I was in what I will call a transgressive museum yesterday, one well funded by the State and Local governments, and no doubt a few spent dissolute rich people.

Wandering around in this morass of meaninglessness–can I stipulate that when someone wants to “contextualize” something they are admitting being lost?–it occurred to me what a RELIEF anger is in such an environment.  It was welling up in me.  I was getting images of being a KKK Night Rider, as a vastly preferable alternative to living in that horrible world.

We need to recall that the artistic climate leading up to Bolshevism was Futurism, which extolled meaninglessness.

We need to recall that the artistic climate of Berlin in the period leading up to National Socialism was one of Dada and horror.  “The Cabinet of Dr.
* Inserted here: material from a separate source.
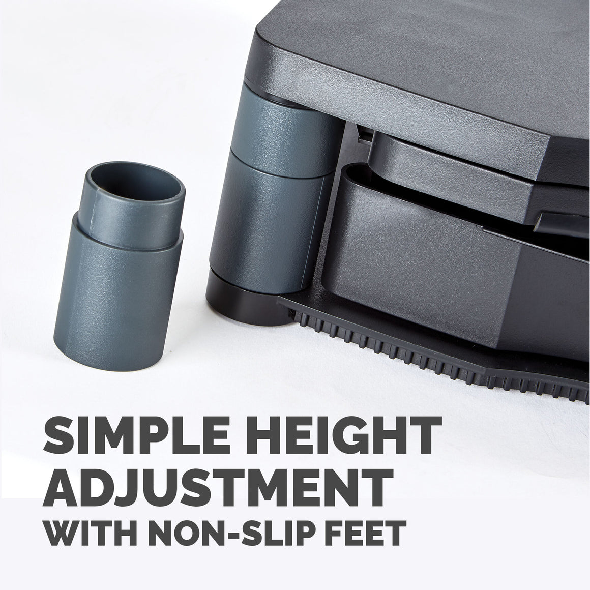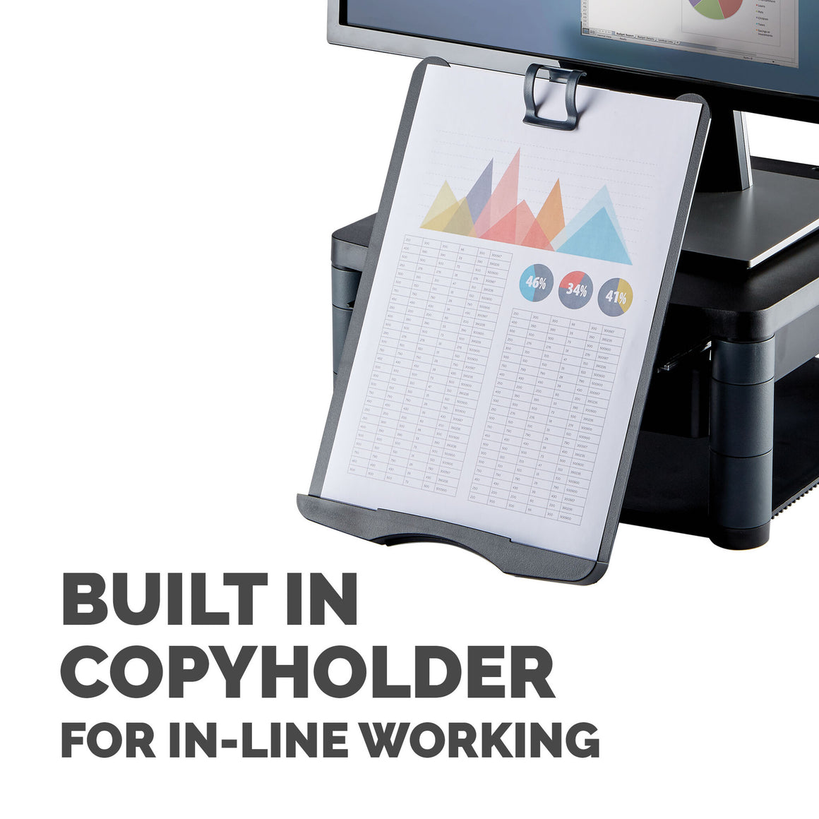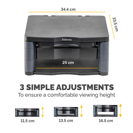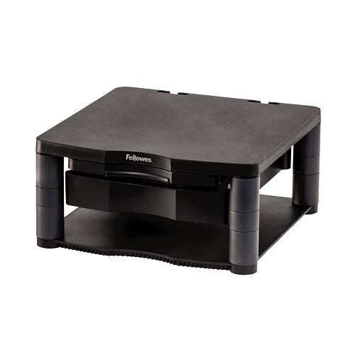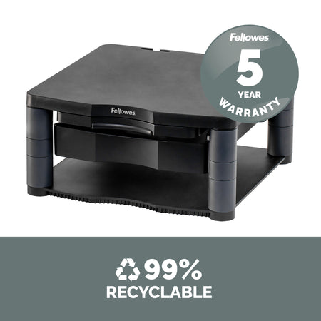 A few easy adjustments to your workstation can make a huge difference to your daily routine. Moving your head to view your screen or to read documents requires you to tilt and turn your neck and upper back. Positioning your screen incorrectly can put serious strain on your eyes, neck and shoulders which is why this Fellowes computer stand is a necessity for your workspace as it allows you to place your monitor at a more ergonomically-correct viewing position to suit you. This adjustable monitor stand can support up to a 21 Inch CRT or TFT/LCD monitor or a maximum weight of 36 kg, and features non skid foot rings, ensuring stability on any surface. Accommodate the ideal viewing angle that ideal suits your needs, the premium plus computer stand features three height adjustable settings (115-165 mm) allowing you to find a comfortable screen position accustomed to you. Organise your desk space with this monitor riser which features a 51 mm storage drawer and a built in copy holder. This monitor riser is accredited by FIRA International, an independent Ergonomic Accreditor.
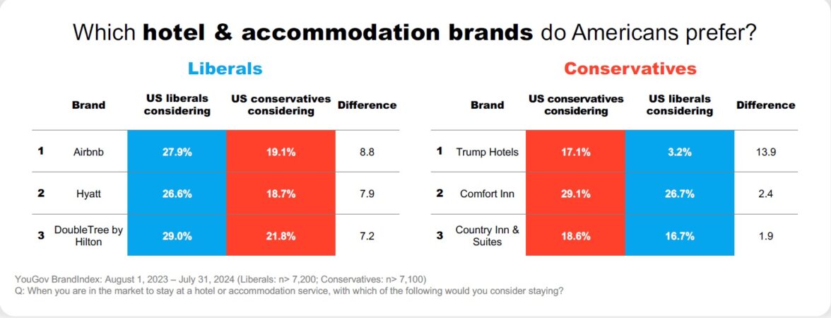 В путешествиях либералов больше всего привлекает возможность снять комнату или дом через Airbnb. Консерваторы выбирают гостиничную сеть Trump Hotels. 17,1% консерваторов готовы в следующей поездке поселиться в отеле, носящем имя главного консерватора США. Среди либералов лишь 3,2% согласны жить в столь токсичном месте.

Caligari” (1920 )might be viewed as one of the first–perhaps the first–Horror film.  Or M, perhaps the first film about a serial killer.

Or Bauhaus, which was a de facto rejection of historical culture, where “culture” within my terms is “that which facilitates meaning.”  It rejected historical means of generating meaning, while offering nothing new other than a purported “rationality”.

The artistic world was out of creative ideas for benevolent, desirable social and personal growth and transformation.  It rejected the old, without having understood what functions it performed, without grasping what actually matters in a social order.   I have argued that art should be INTEGRATIVE.  I have offered specifical moral values it should foster: the rejection of self pity, perseverance, and enhanced capacity to see, in all the possible sense of that word.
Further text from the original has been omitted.